Abstract:Transformer-based Single Image Deraining (SID) methods have achieved remarkable success, primarily attributed to their robust capability in capturing long-range interactions. However, we've noticed that current methods handle rain-affected and unaffected regions concurrently, overlooking the disparities between these areas, resulting in confusion between rain streaks and background parts, and inabilities to obtain effective interactions, ultimately resulting in suboptimal deraining outcomes.
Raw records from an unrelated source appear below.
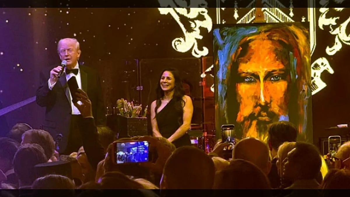 இந்த விருந்தில் பிரபல கிறிஸ்தவ ஆன்மீக ஓவியர் வெனெசா ஹோரபியூனா பங்கேற்று இருந்தார்.. அப்போது அவர் அனைவர் முன்னிலையிலும் இயேசு கிறிஸ்துவின் ஓவியத்தை அச்சு அசலாக வரைந்தார்...
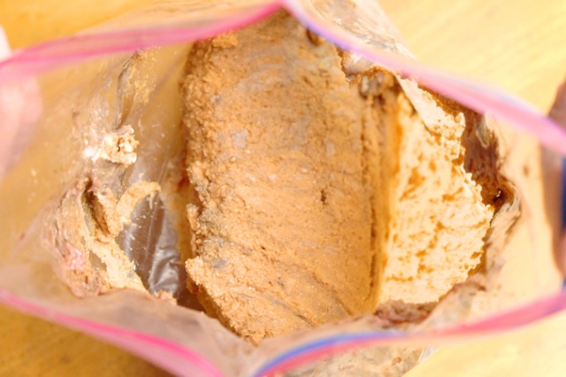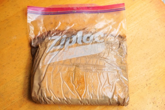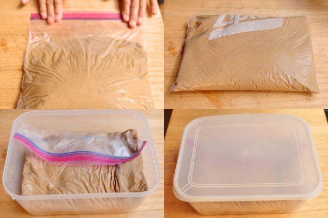 保存袋にぬかと塩サバを交互に入れ、サバが完全にぬかの中に隠れるようにします。
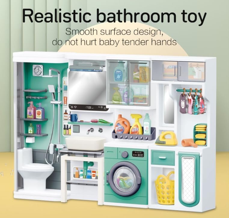 Includes Mini Washing Machine, Shower & Toilet – Fully equipped for immersive pretend play
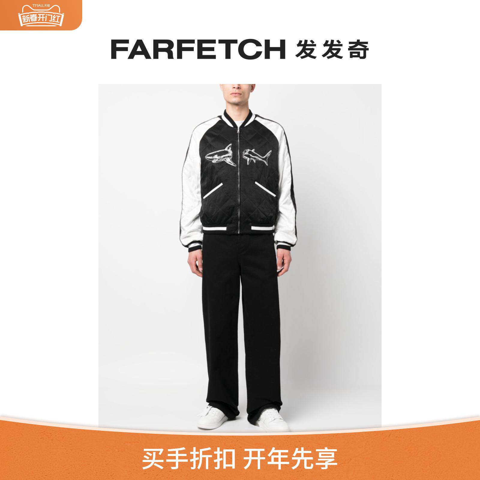 Palm Angels Мужчины сломанные акулы Sukajan Pilot Jacket Farbetch
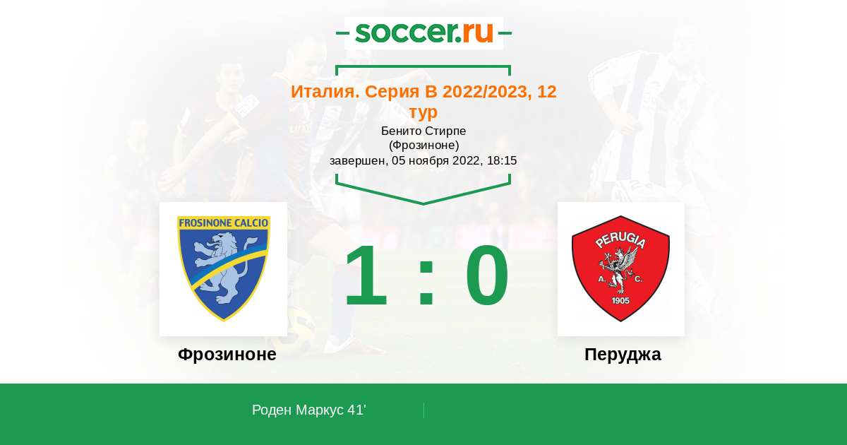 Протокол матча Фрозиноне против Перуджа
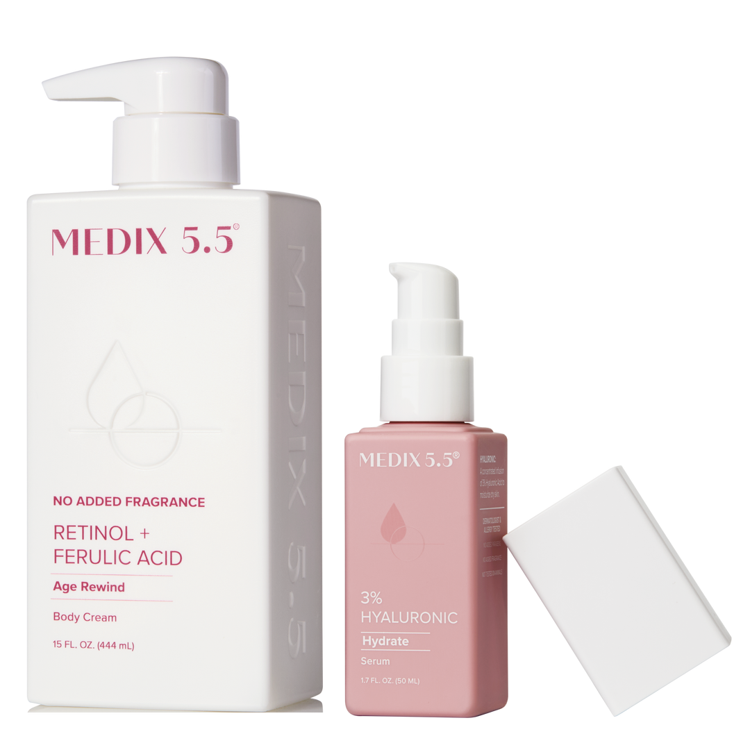 Medix 5.5Â Refine + Hydrate Duo | Fragrance Free Retinol Body Cream, 3% Hyaluronic Acid Serum

To address the above issue, we introduce the Region Transformer (Regformer), a novel SID method that underlines the importance of independently processing rain-affected and unaffected regions while considering their combined impact for high-quality image reconstruction. The crux of our method is the innovative Region Transformer Block (RTB), which integrates a Region Masked Attention (RMA) mechanism and a Mixed Gate Forward Block (MGFB). Our RTB is used for attention selection of rain-affected and unaffected regions and local modeling of mixed scales. The RMA generates attention maps tailored to these two regions and their interactions, enabling our model to capture comprehensive features essential for rain removal. To better recover high-frequency textures and capture more local details, we develop the MGFB as a compensation module to complete local mixed scale modeling. Extensive experiments demonstrate that our model reaches state-of-the-art performance, significantly improving the image deraining quality. Our code and trained models are publicly available.